Note: Award M1 for attempt at components, A1 for two correct equations.

   No penalty for not checking the third equation.

solving : x = 1, y = –2     A1

(b)     \(|\)a + 2b\(| = \left| {\left( {\begin{array}{*{20}{c}}
  { - 4} \\
  { - 3} \\
  2
\end{array}} \right) + 2\left( {\begin{array}{*{20}{c}}
  4 \\
  { - 2} \\
  2
\end{array}} \right)} \right|\)

\( = \left| {\left( {\begin{array}{*{20}{c}}
  4 \\
  { - 7} \\
  6
\end{array}} \right)} \right|\)

\( \Rightarrow |\)a + 2b\(|\) \( = \sqrt {{4^2} + {{( - 7)}^2} + {6^2}} \)     (M1)

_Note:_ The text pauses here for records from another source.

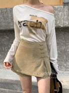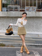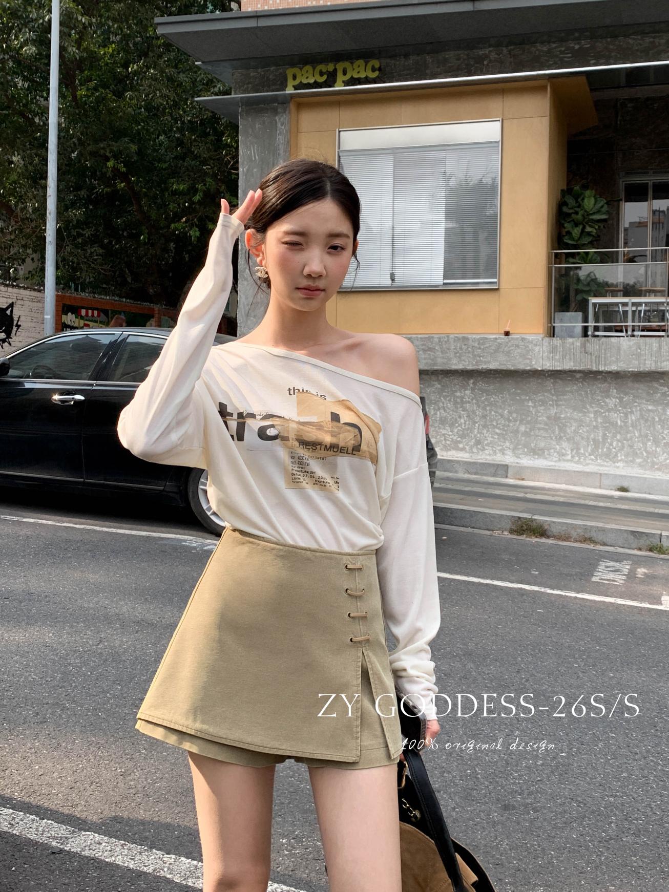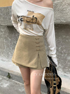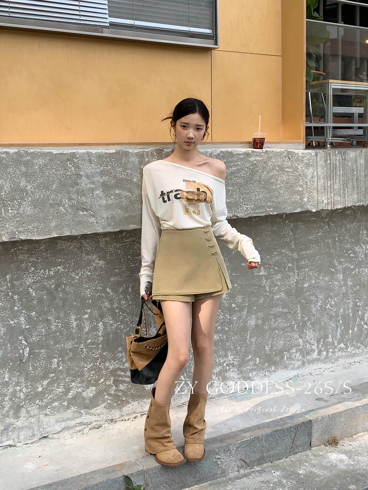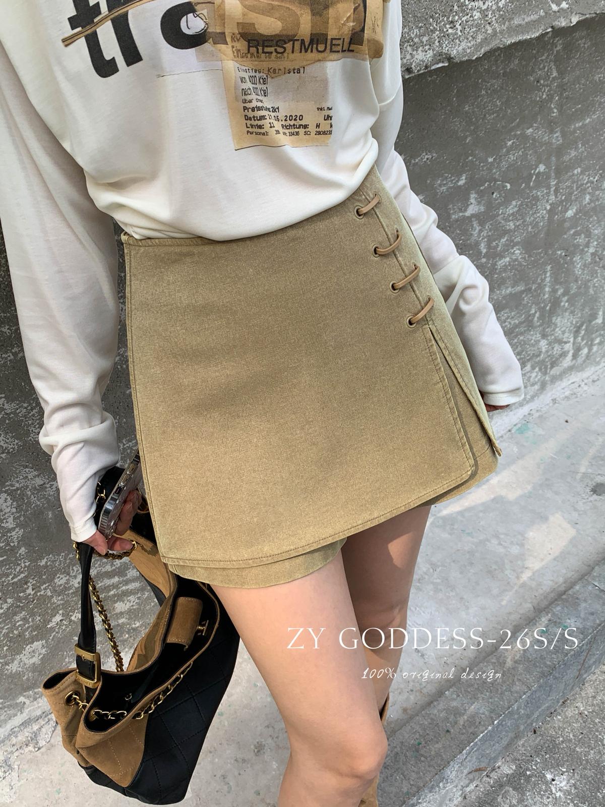 【C8712】特色定製工藝皮褲!網紅辣妹高腰顯腿長腿細假兩件裙褲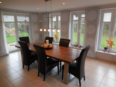 EG: Eingangsdiele, Wohnzimmer, Essbereich, Kinderzimmer, Büro, große Küche mit moderner Einbauküche, Speisekammer, Duschbad; DG: Flur, Schlafzimmer, 3 Kinderzimmer, Dusch- und Wannenbad; ca. 214 m² Wohnfläche, Baujahr ca. 2007, Grundstück ca. 949 m², Teilkeller mit Gäste- und Spielbereich, ca. 93 m² Nutzfläche; Carport mit Abstellraum, Terrasse, Fernzentralheizung, Bedarfsausweis mit Endenergie 116,4 kWh/(m²a), Übergabe nach Vereinbarung, Kaufpreis: 519.000,-- €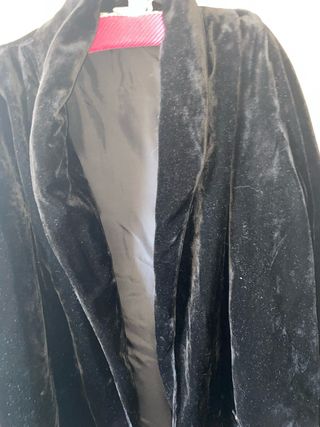 Elegante chaqueta confeccionada en terciopelo. - Material: Terciopelo. - Color: Negro. - las fotos no le hacen justicia, parece un terciopelo rara , y , aseguro que es buen terciopelo - tiene un bolsillito interno con cremallera muy practico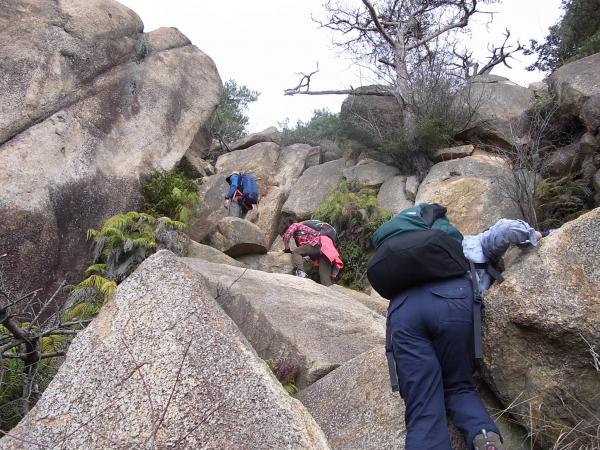 - 阪急芦屋川-(20分)-登山口-(90分)-岩梯子-(40分)-荒地山-(40分)-風吹岩-(55分)-保久良梅林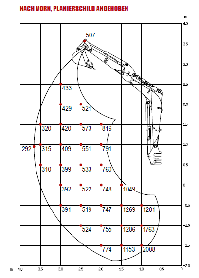 • Auslegerschwenkung: (L/R): 80° / 50°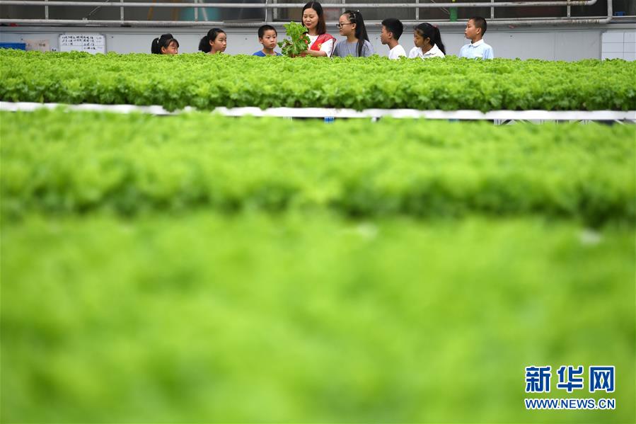 8月9日,在花崗鎮(zhèn)現(xiàn)代農(nóng)業(yè)示范區(qū)一家蔬菜種植企業(yè)內(nèi),志愿者向小朋友介紹蔬菜種植模式。當(dāng)日,安徽省肥西縣花崗鎮(zhèn)開展暑期“親近自然體驗(yàn)田園”活動(dòng),邀請轄區(qū)兒童參觀花崗鎮(zhèn)現(xiàn)代農(nóng)業(yè)示范區(qū),感受現(xiàn)代農(nóng)業(yè)的魅力。新華社記者劉軍喜攝。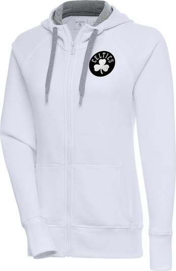 Women's Antigua White Boston Celtics Brushed Metallic Victory Full-Zip Hoodie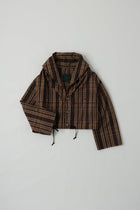 軽やかに着こなせるショート丈のアウター。見頃からつながっているフードのようなカラーが特徴的です。袖まくりや襟元のアレンジができるように、内側にタブが付いています。裾には紐が通っているのでお好みのシルエットに調整が可。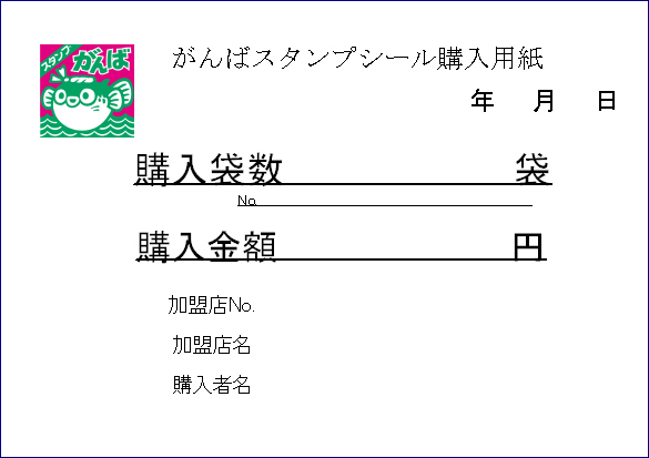 | 加盟店が、事務所でスタンプシールを購入する時の用紙 改定:購入袋数の下に「No. 」を追加 改定:購入者の「印」を削除 |

\( = \sqrt {101} \)     A1

[5 marks]

The majority of candidates understood what was required in part (a) of this question and gained the correct answer. Most candidates were able to do part (b) but few realised that they did not have to calculate \(|\)a + 2b\(|\) as this is \(|\)c\(|\). Many candidates lost time on this question.